Your assignment:
The material below contains a line with "Для художника в" and a line with "Un jeu vidéo". Copy exactly those two lines and all lines between them.

Provided entries:
══════

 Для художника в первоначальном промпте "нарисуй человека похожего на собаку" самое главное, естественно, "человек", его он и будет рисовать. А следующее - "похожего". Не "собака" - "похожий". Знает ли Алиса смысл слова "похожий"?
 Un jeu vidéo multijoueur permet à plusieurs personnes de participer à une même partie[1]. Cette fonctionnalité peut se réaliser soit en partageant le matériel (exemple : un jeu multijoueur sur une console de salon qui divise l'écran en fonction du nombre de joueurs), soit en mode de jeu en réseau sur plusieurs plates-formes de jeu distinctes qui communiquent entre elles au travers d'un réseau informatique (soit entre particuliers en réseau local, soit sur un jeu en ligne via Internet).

══════

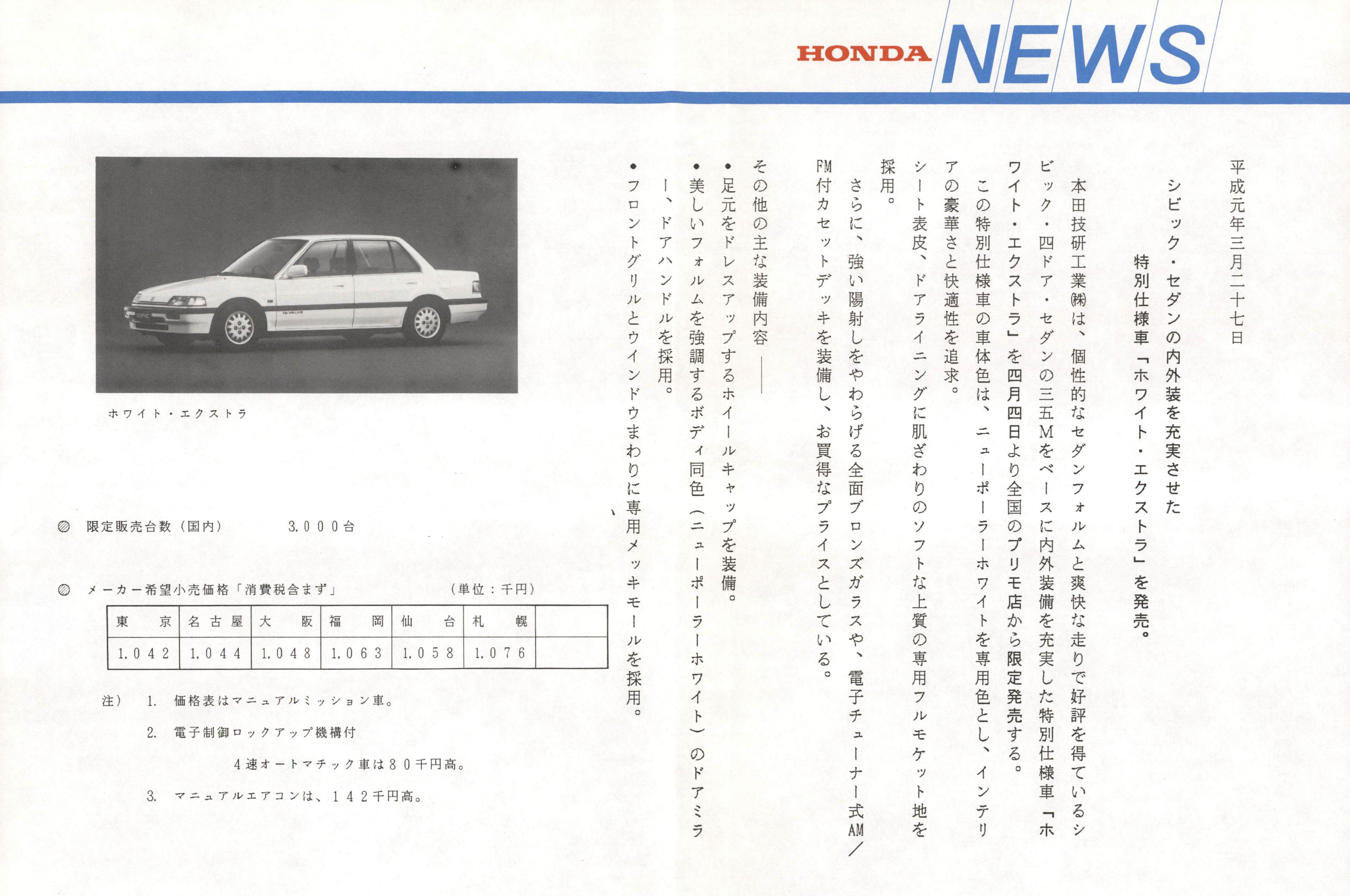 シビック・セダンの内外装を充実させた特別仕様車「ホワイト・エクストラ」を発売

══════

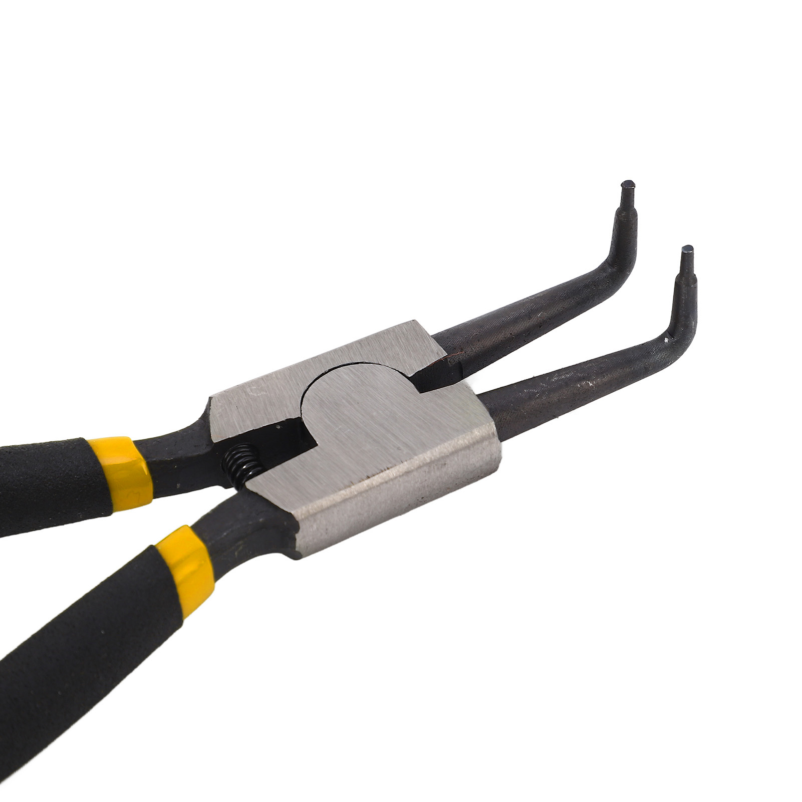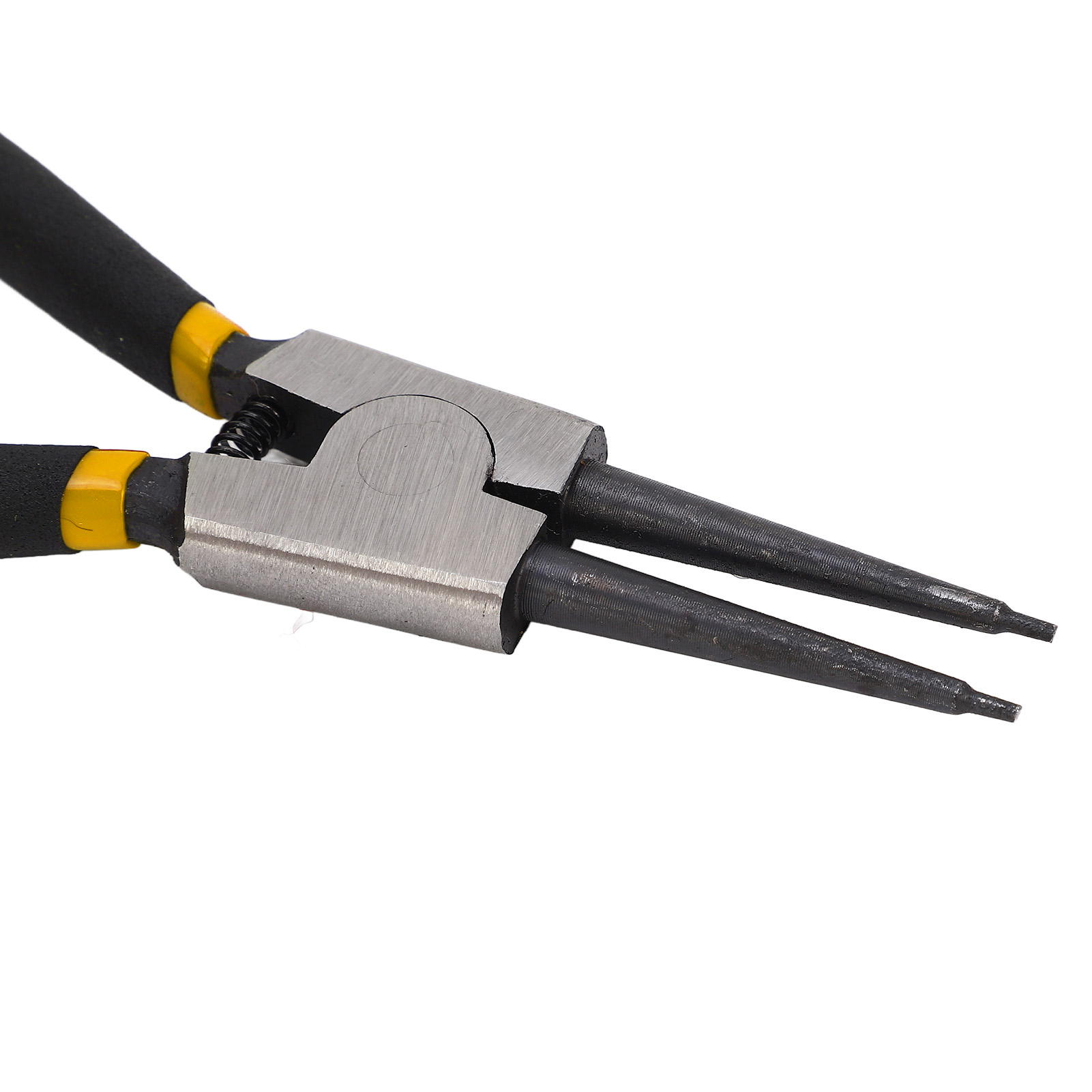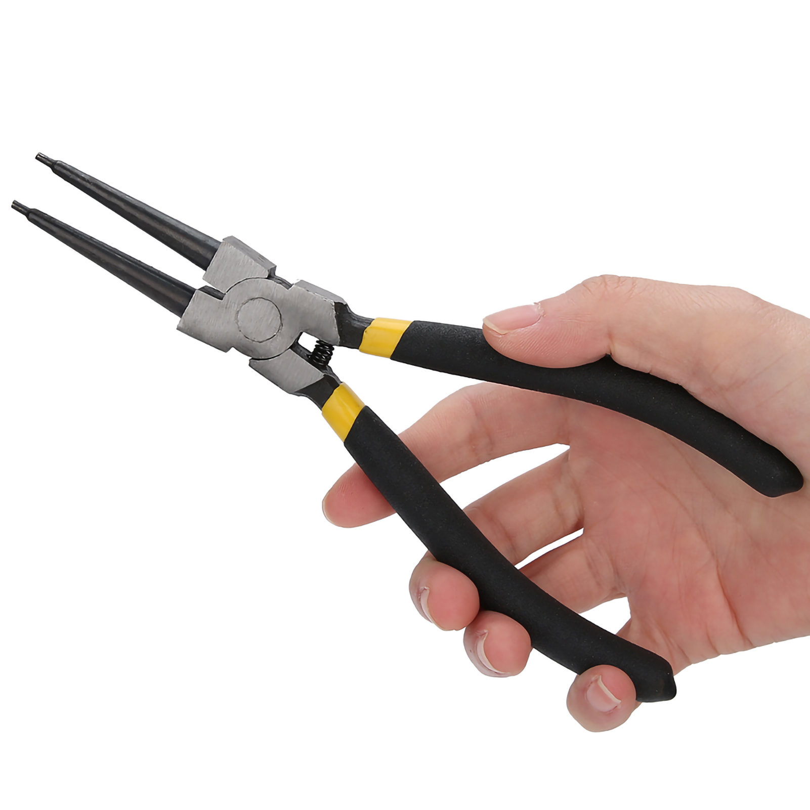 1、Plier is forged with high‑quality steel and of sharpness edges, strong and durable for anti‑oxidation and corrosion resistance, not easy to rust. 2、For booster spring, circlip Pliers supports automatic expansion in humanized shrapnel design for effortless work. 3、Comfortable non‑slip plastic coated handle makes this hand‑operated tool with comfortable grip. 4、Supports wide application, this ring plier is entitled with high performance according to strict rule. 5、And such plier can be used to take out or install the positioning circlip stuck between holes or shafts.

══════

Output below:
 Для художника в первоначальном промпте "нарисуй человека похожего на собаку" самое главное, естественно, "человек", его он и будет рисовать. А следующее - "похожего". Не "собака" - "похожий". Знает ли Алиса смысл слова "похожий"?
 Un jeu vidéo multijoueur permet à plusieurs personnes de participer à une même partie[1]. Cette fonctionnalité peut se réaliser soit en partageant le matériel (exemple : un jeu multijoueur sur une console de salon qui divise l'écran en fonction du nombre de joueurs), soit en mode de jeu en réseau sur plusieurs plates-formes de jeu distinctes qui communiquent entre elles au travers d'un réseau informatique (soit entre particuliers en réseau local, soit sur un jeu en ligne via Internet).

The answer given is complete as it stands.